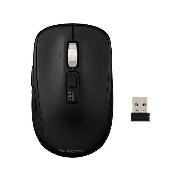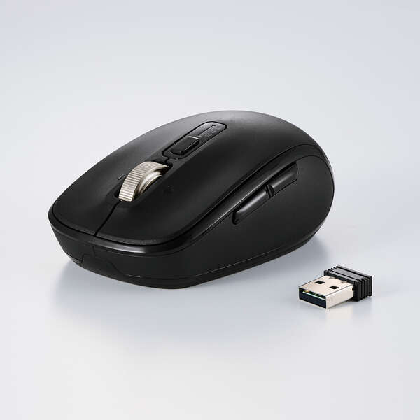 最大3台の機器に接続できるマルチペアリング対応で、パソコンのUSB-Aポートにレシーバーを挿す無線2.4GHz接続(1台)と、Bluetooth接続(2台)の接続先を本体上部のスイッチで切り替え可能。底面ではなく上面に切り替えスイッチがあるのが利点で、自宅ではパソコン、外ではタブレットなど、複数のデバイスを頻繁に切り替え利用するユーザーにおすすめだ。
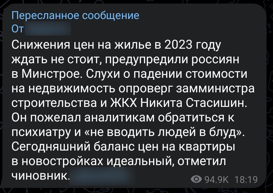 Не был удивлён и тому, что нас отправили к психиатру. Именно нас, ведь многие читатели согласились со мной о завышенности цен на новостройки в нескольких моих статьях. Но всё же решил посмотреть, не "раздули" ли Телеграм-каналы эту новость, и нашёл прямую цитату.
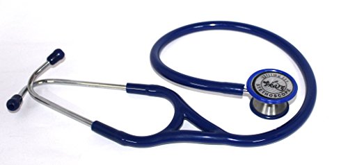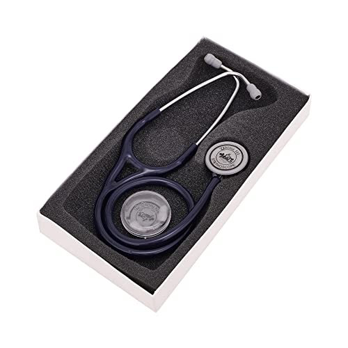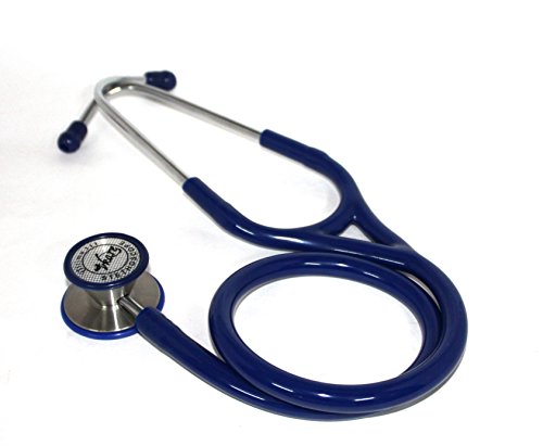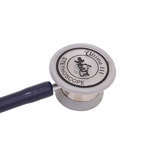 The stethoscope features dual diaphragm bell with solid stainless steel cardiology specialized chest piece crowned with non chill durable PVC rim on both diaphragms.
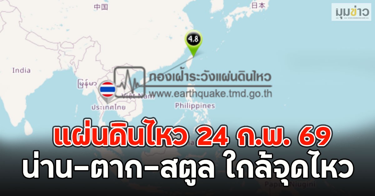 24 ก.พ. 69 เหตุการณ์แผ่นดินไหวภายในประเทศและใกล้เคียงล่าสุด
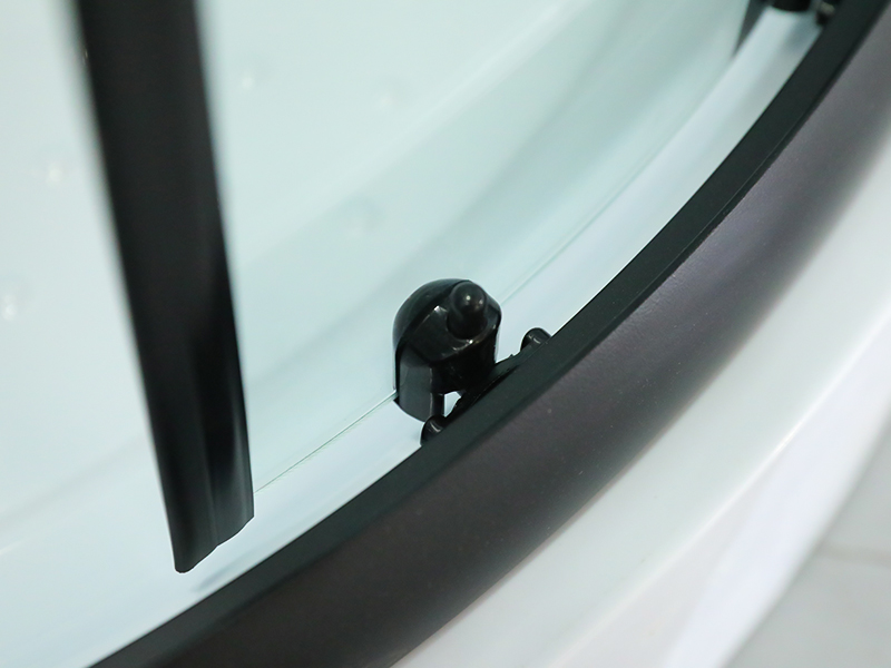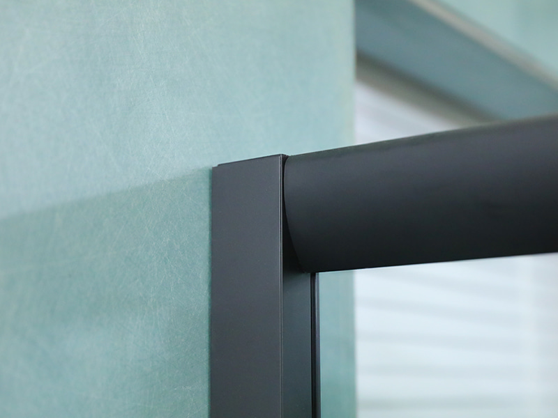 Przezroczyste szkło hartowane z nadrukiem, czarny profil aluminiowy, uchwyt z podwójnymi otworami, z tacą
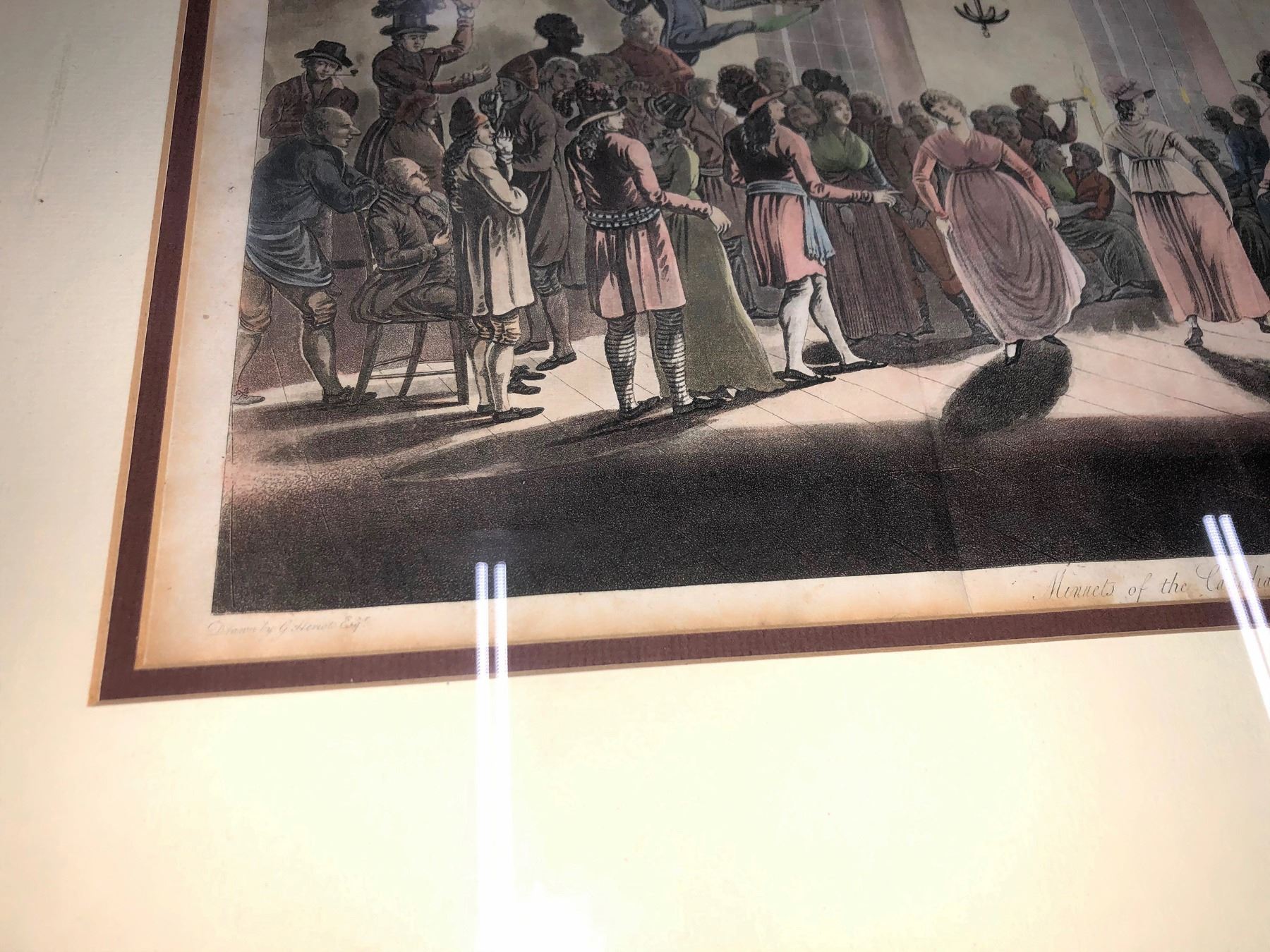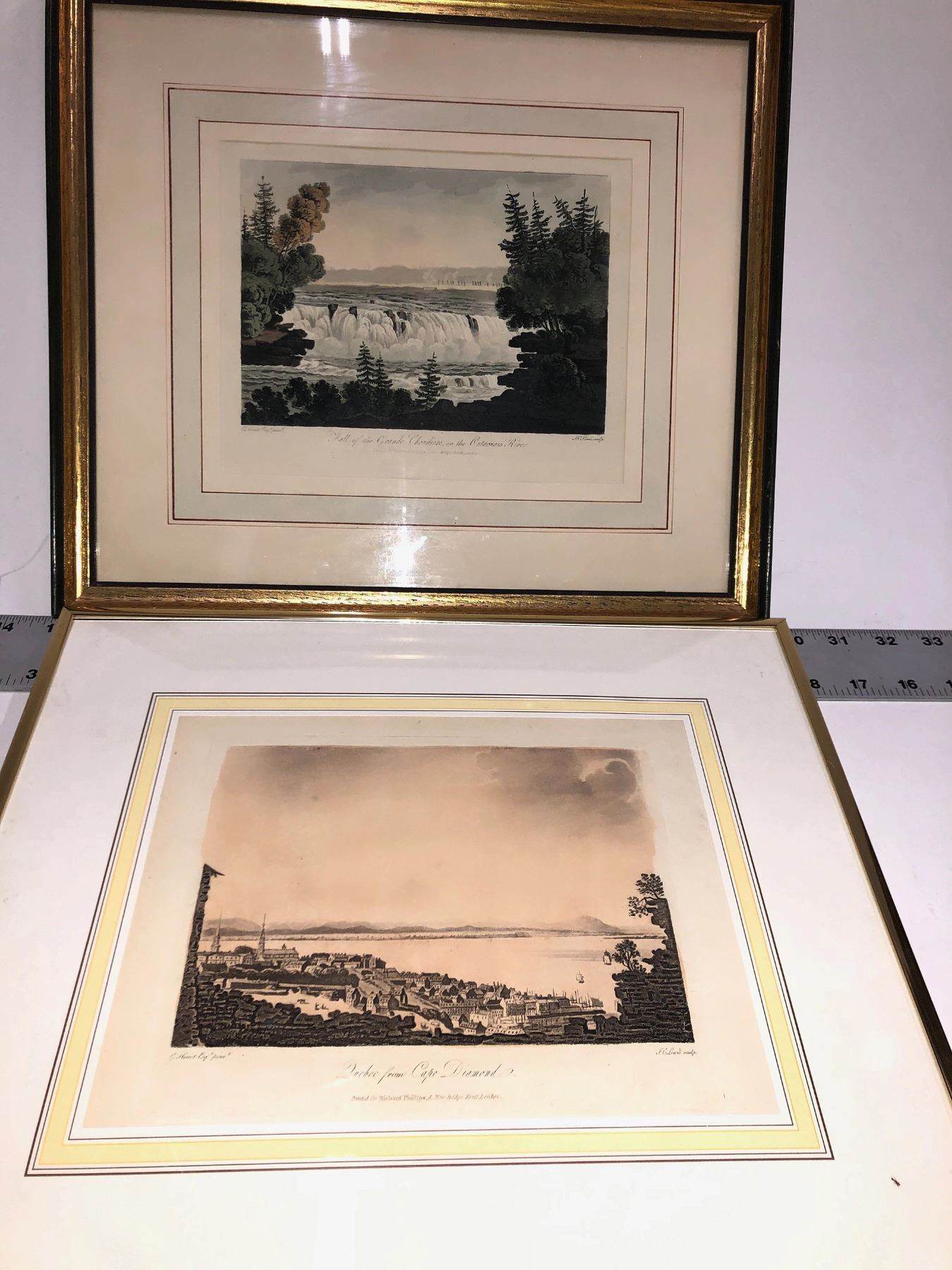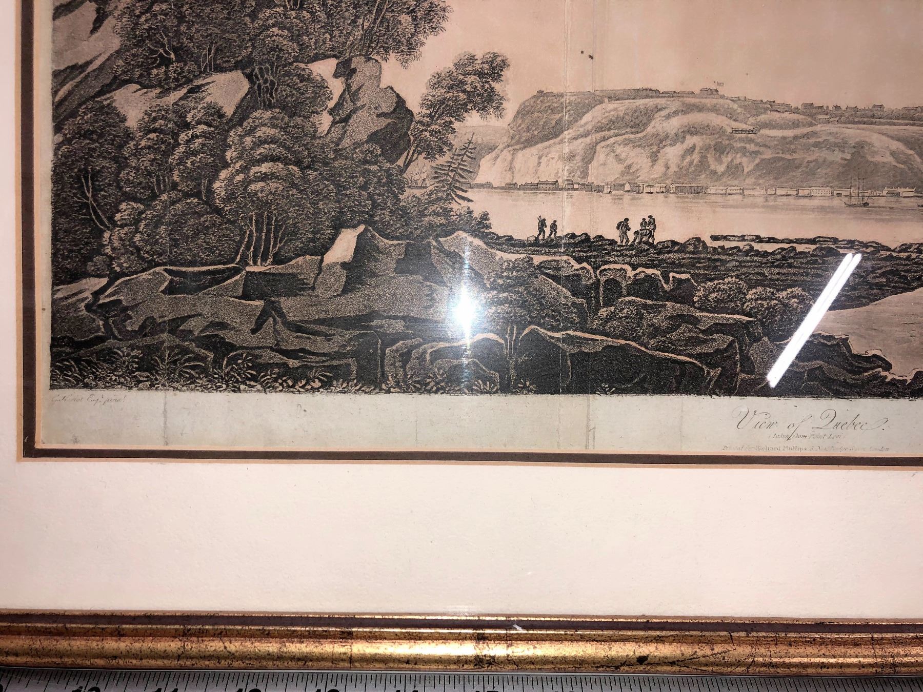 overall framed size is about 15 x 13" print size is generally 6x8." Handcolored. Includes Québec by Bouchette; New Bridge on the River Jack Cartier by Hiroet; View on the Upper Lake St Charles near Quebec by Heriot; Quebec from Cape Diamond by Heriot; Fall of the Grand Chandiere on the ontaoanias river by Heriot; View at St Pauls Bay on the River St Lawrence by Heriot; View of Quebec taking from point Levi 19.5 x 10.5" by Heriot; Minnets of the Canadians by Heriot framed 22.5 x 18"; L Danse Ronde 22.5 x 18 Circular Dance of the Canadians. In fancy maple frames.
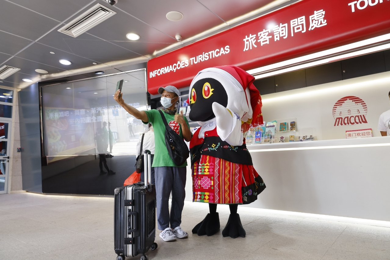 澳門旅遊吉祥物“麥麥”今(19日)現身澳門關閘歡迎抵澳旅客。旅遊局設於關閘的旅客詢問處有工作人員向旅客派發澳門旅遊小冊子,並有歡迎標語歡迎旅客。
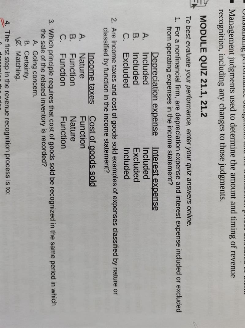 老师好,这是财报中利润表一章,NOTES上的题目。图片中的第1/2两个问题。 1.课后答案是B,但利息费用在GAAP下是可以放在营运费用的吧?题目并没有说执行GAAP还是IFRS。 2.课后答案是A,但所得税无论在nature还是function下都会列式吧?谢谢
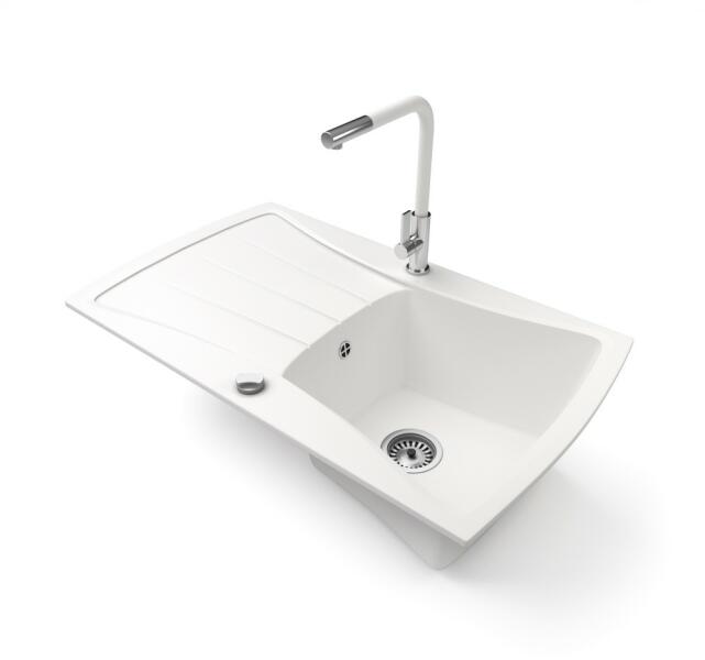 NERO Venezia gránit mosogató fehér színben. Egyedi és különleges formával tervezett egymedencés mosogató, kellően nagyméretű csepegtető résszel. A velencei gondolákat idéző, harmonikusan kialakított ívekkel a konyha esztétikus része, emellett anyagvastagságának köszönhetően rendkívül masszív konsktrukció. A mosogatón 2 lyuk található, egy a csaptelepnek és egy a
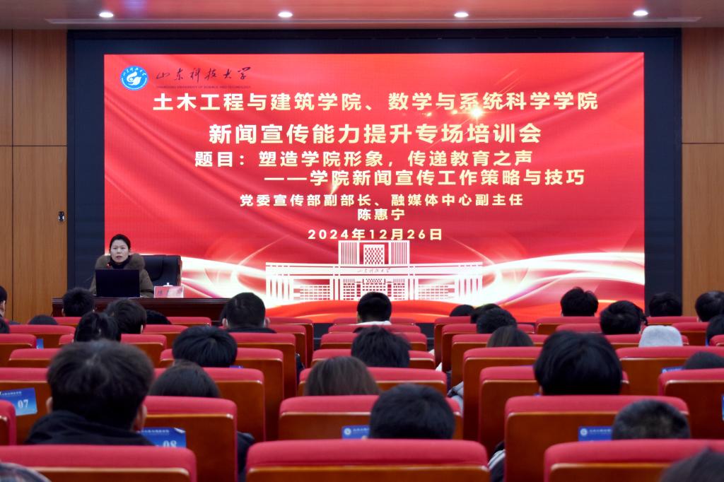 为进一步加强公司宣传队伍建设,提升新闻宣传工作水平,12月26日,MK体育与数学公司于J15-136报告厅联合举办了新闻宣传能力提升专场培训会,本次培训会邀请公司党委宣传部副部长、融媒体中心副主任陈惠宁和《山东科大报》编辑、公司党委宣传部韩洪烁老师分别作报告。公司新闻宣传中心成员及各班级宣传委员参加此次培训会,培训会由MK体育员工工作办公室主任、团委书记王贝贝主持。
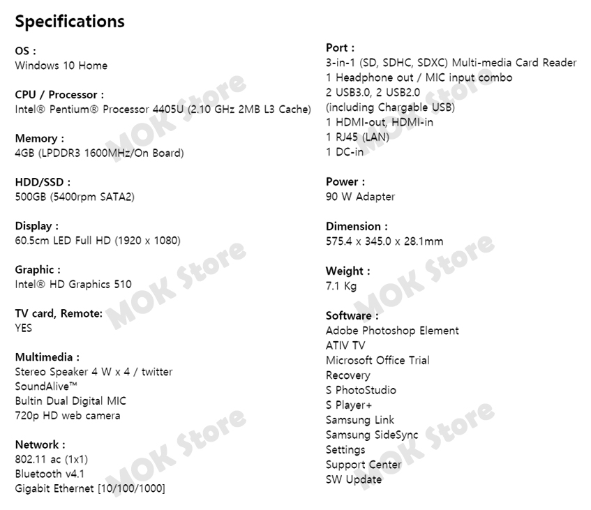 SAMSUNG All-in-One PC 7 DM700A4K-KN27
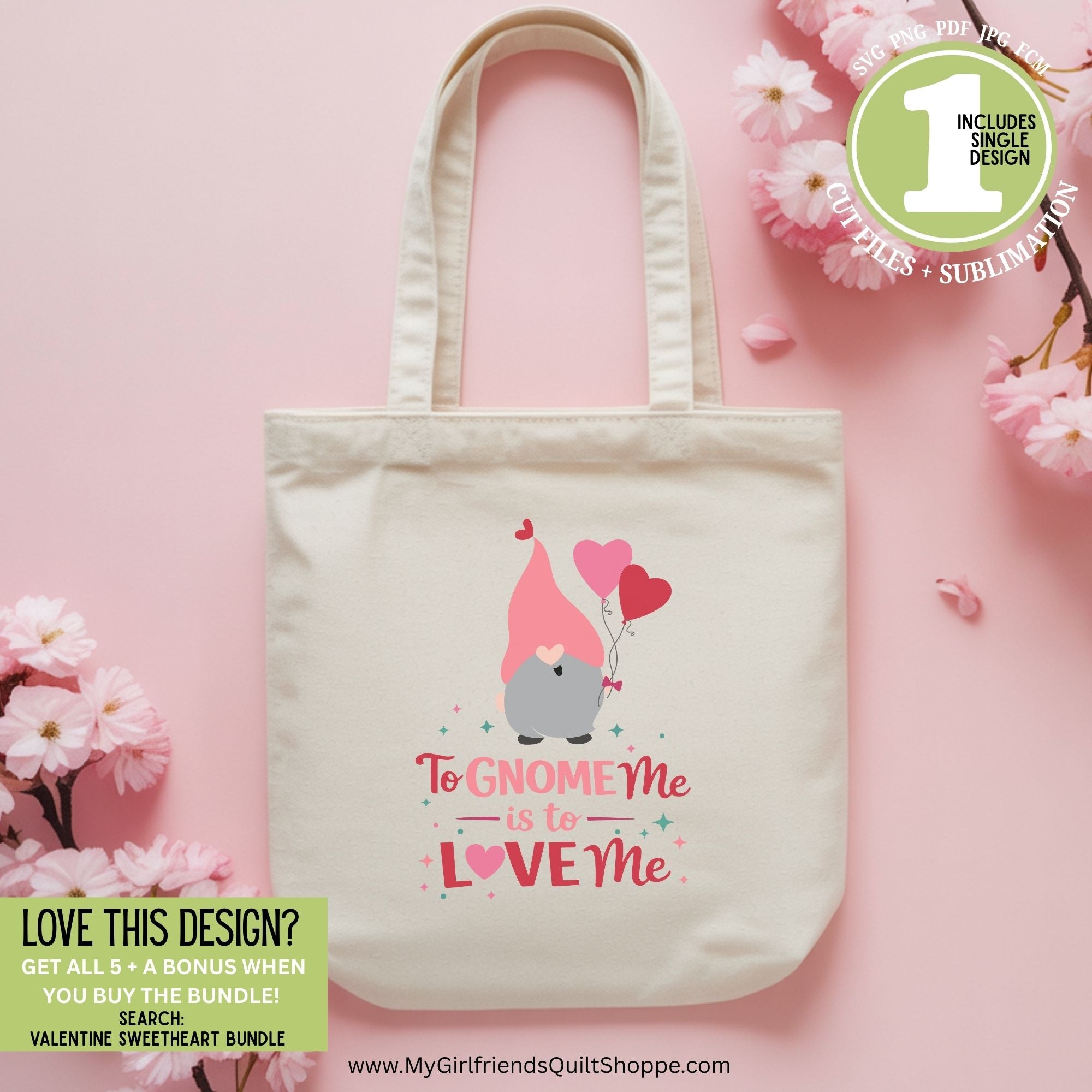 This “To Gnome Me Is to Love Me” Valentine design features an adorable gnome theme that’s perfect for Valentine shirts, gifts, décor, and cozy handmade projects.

....

◆ Task description
Nothing but the pictures should be left out when the listing above is transcribed.

◆ Response area
 最大3台の機器に接続できるマルチペアリング対応で、パソコンのUSB-Aポートにレシーバーを挿す無線2.4GHz接続(1台)と、Bluetooth接続(2台)の接続先を本体上部のスイッチで切り替え可能。底面ではなく上面に切り替えスイッチがあるのが利点で、自宅ではパソコン、外ではタブレットなど、複数のデバイスを頻繁に切り替え利用するユーザーにおすすめだ。
 Не был удивлён и тому, что нас отправили к психиатру. Именно нас, ведь многие читатели согласились со мной о завышенности цен на новостройки в нескольких моих статьях. Но всё же решил посмотреть, не "раздули" ли Телеграм-каналы эту новость, и нашёл прямую цитату.
 The stethoscope features dual diaphragm bell with solid stainless steel cardiology specialized chest piece crowned with non chill durable PVC rim on both diaphragms.
 24 ก.พ. 69 เหตุการณ์แผ่นดินไหวภายในประเทศและใกล้เคียงล่าสุด
 Przezroczyste szkło hartowane z nadrukiem, czarny profil aluminiowy, uchwyt z podwójnymi otworami, z tacą
 overall framed size is about 15 x 13" print size is generally 6x8." Handcolored. Includes Québec by Bouchette; New Bridge on the River Jack Cartier by Hiroet; View on the Upper Lake St Charles near Quebec by Heriot; Quebec from Cape Diamond by Heriot; Fall of the Grand Chandiere on the ontaoanias river by Heriot; View at St Pauls Bay on the River St Lawrence by Heriot; View of Quebec taking from point Levi 19.5 x 10.5" by Heriot; Minnets of the Canadians by Heriot framed 22.5 x 18"; L Danse Ronde 22.5 x 18 Circular Dance of the Canadians. In fancy maple frames.
 澳門旅遊吉祥物“麥麥”今(19日)現身澳門關閘歡迎抵澳旅客。旅遊局設於關閘的旅客詢問處有工作人員向旅客派發澳門旅遊小冊子,並有歡迎標語歡迎旅客。
 老师好,这是财报中利润表一章,NOTES上的题目。图片中的第1/2两个问题。 1.课后答案是B,但利息费用在GAAP下是可以放在营运费用的吧?题目并没有说执行GAAP还是IFRS。 2.课后答案是A,但所得税无论在nature还是function下都会列式吧?谢谢
 NERO Venezia gránit mosogató fehér színben. Egyedi és különleges formával tervezett egymedencés mosogató, kellően nagyméretű csepegtető résszel. A velencei gondolákat idéző, harmonikusan kialakított ívekkel a konyha esztétikus része, emellett anyagvastagságának köszönhetően rendkívül masszív konsktrukció. A mosogatón 2 lyuk található, egy a csaptelepnek és egy a
 为进一步加强公司宣传队伍建设,提升新闻宣传工作水平,12月26日,MK体育与数学公司于J15-136报告厅联合举办了新闻宣传能力提升专场培训会,本次培训会邀请公司党委宣传部副部长、融媒体中心副主任陈惠宁和《山东科大报》编辑、公司党委宣传部韩洪烁老师分别作报告。公司新闻宣传中心成员及各班级宣传委员参加此次培训会,培训会由MK体育员工工作办公室主任、团委书记王贝贝主持。
 SAMSUNG All-in-One PC 7 DM700A4K-KN27
 This “To Gnome Me Is to Love Me” Valentine design features an adorable gnome theme that’s perfect for Valentine shirts, gifts, décor, and cozy handmade projects.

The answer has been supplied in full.